Tax Handling (Especially US Sales Tax)

  • System supports:
    • State-level tax rules and economic nexus thresholds in the US.
    • Product types (e.g., physical vs digital) and per-country rules.
  • Currently does not model detailed city/“polygon” jurisdictions (e.g., Chicago-specific SaaS taxes); workaround is customer-level tax overrides.
  • Plans to integrate with tools like TaxJar to keep tax rules updated.
  • Multiple commenters stress that US sales tax is extremely complex; many larger systems integrate with specialist vendors (Avalara, TaxJar).

Internationalization and Translations

  • Site is localized into multiple languages (German, Spanish, Italian, Dutch, French), but quality is widely criticized:
    • Mixed formal/informal tone, literal/misleading translations, inconsistent terminology, typos (e.g., “Deustch”).
  • Suggestions:
    • Professional linguistic review.
    • Localize screenshots.
    • Use proper i18n workflows (JSON-based libraries, TMS/CAT tools, Figma integration).
  • Project maintainer points to translation files in the repo and welcomes PRs.

Tech Stack and Deployment

  • Stack: PHP, PostgreSQL, Stripe API.
  • Some view this as “boring” (in a positive, mature sense); others call it “daring” given PHP share.
  • Docker Compose setup is provided for self-hosting.
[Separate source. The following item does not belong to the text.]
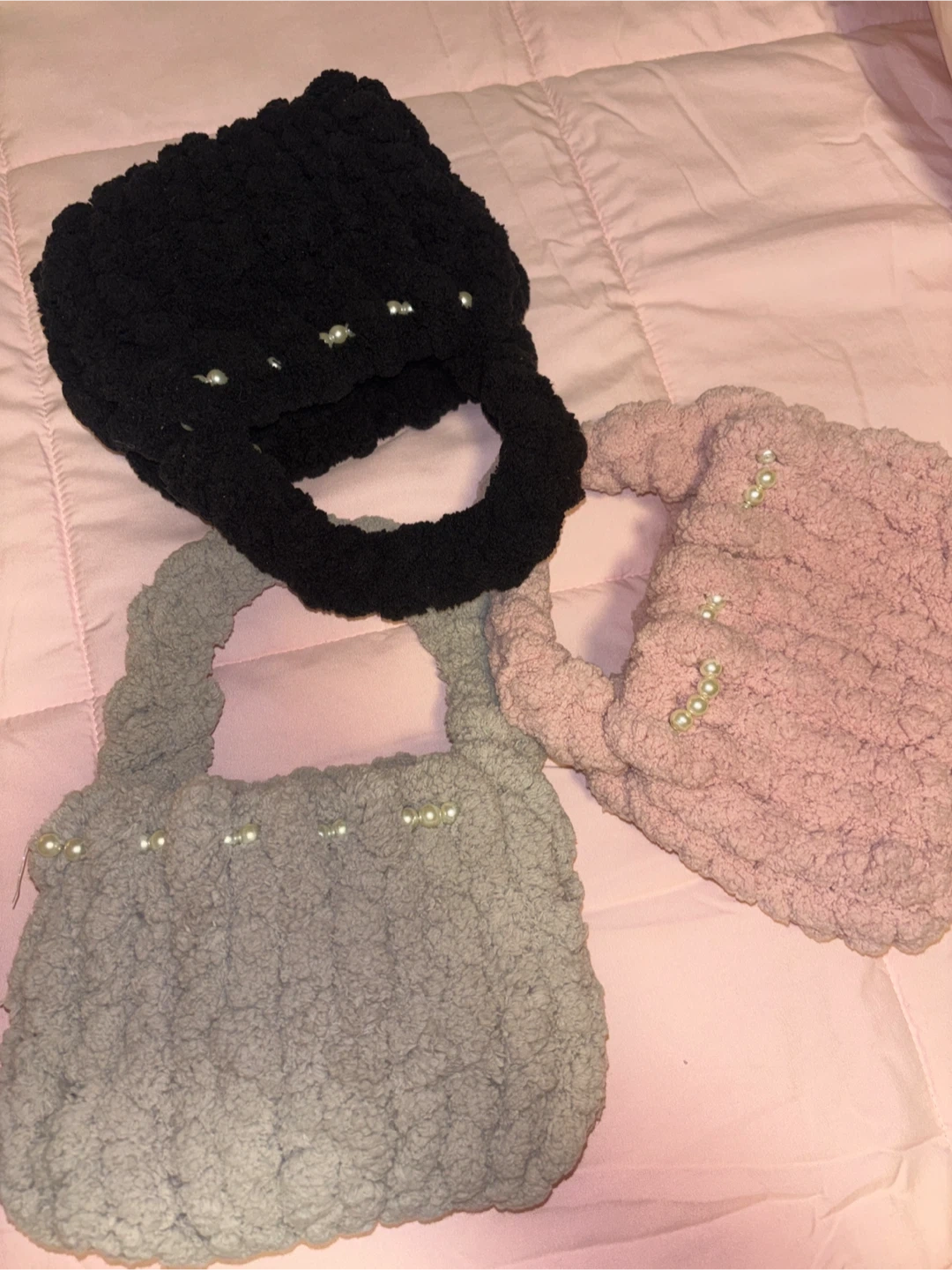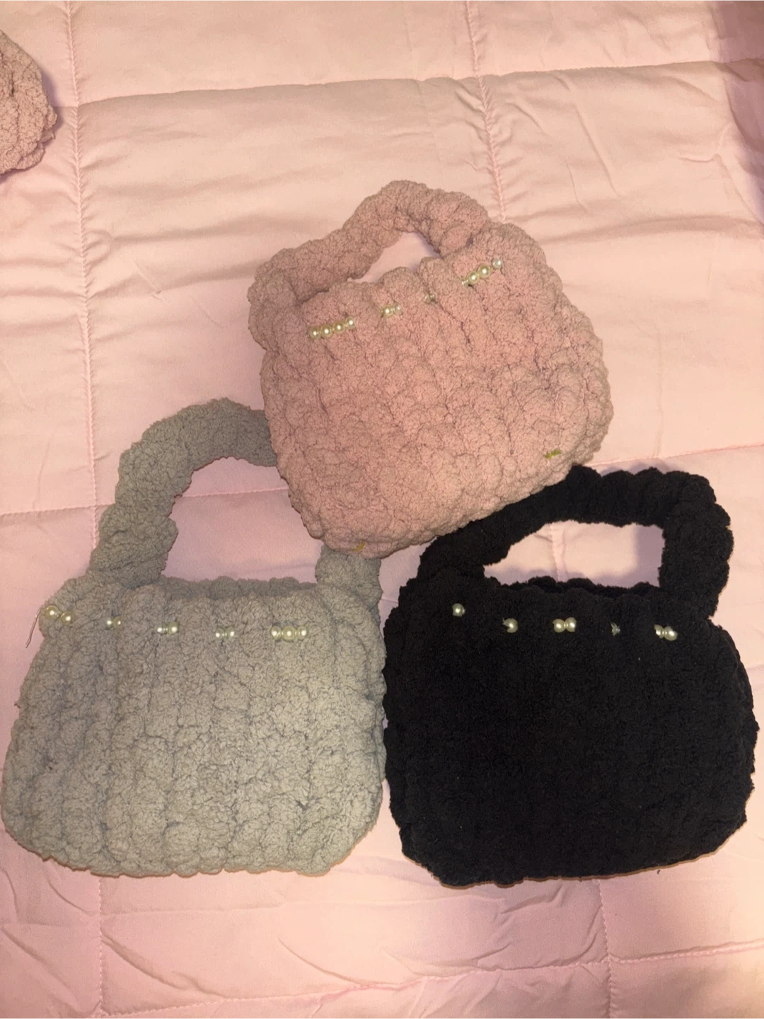 Handmade cute crocheted mini handbags. They're decorated with faux pearls along the top closure. The yarn is super soft and chunky. Perfect for holding small essentials.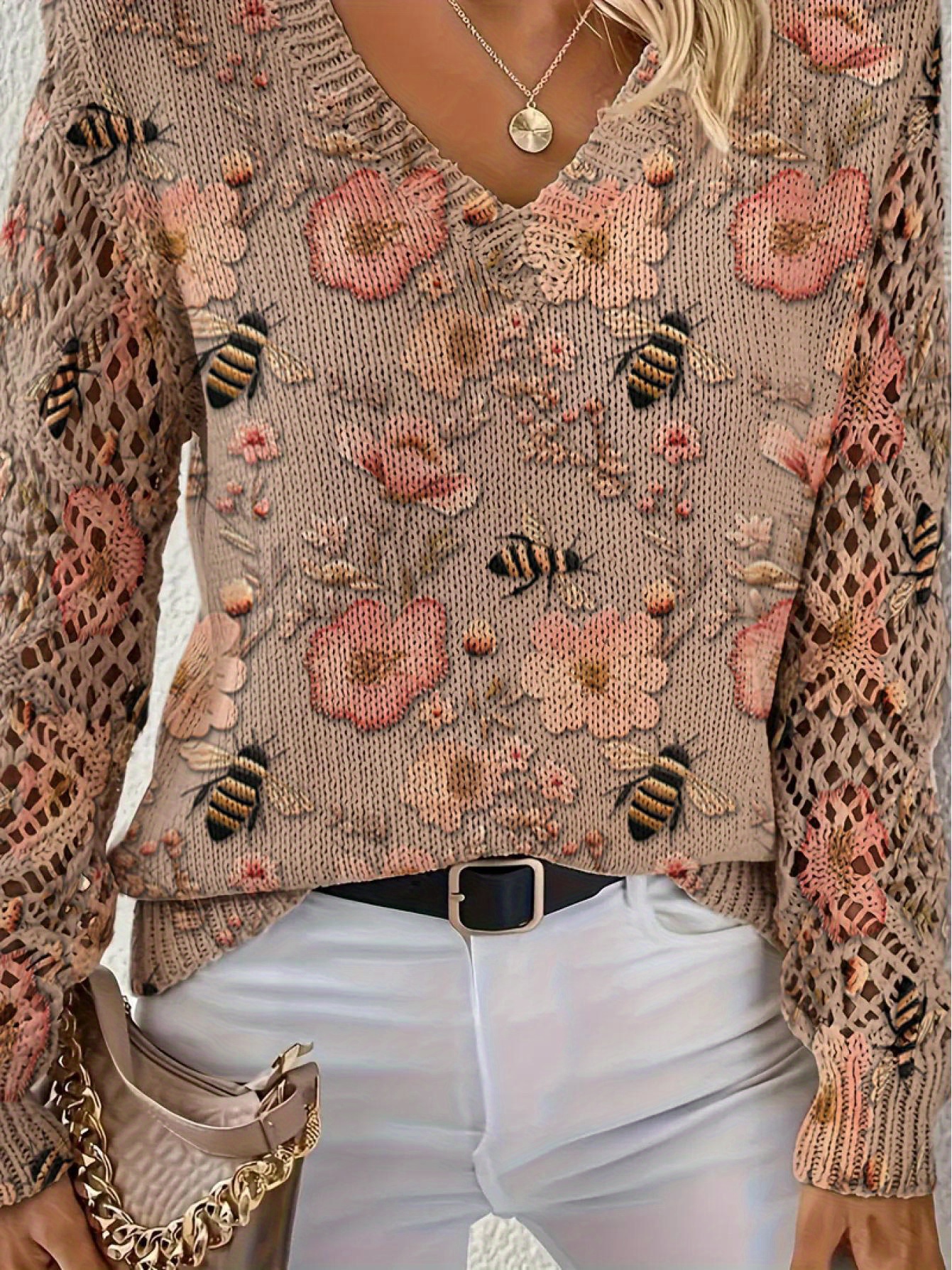 Elegant All-Season Bohemian Fashionable Versatile Pullover V Neck Long Sleeve Women's Top with Floral Pattern Flat Digital Print, Full-Piece Knitwear for Office Wear Street Style Home Outings

Product Experience and Website Issues

  • Reports from trial signups of a blank dashboard showing only an “Environments” heading.
  • Comments that live UI looks worse than marketing screenshots.
  • Noted issues with responsiveness and layout whitespace.
  • Minor copy critiques (e.g., phrasing around “out of the box SDKs”).

Pricing and Target Users

  • Some consider the SaaS offering “way too expensive.”
  • Others argue it becomes cheaper than Stripe Billing/Tax/Payment Links at moderate scale, with example numbers given.
  • Target audience appears to be businesses with enough volume and customization needs to justify replacing Stripe’s higher-level products.

Value of Source Availability in Practice

  • Several commenters say they do choose products based on source access, especially when:
    • They must run it themselves.
    • They need to patch quickly without waiting on vendor support.
    • They worry about long-term continuity or vendor failure.
  • Comparison to traditional source escrow:
    • Many enterprises already require escrow; having code generally available under FSL + automatic Apache transition is seen as simpler and more equitable.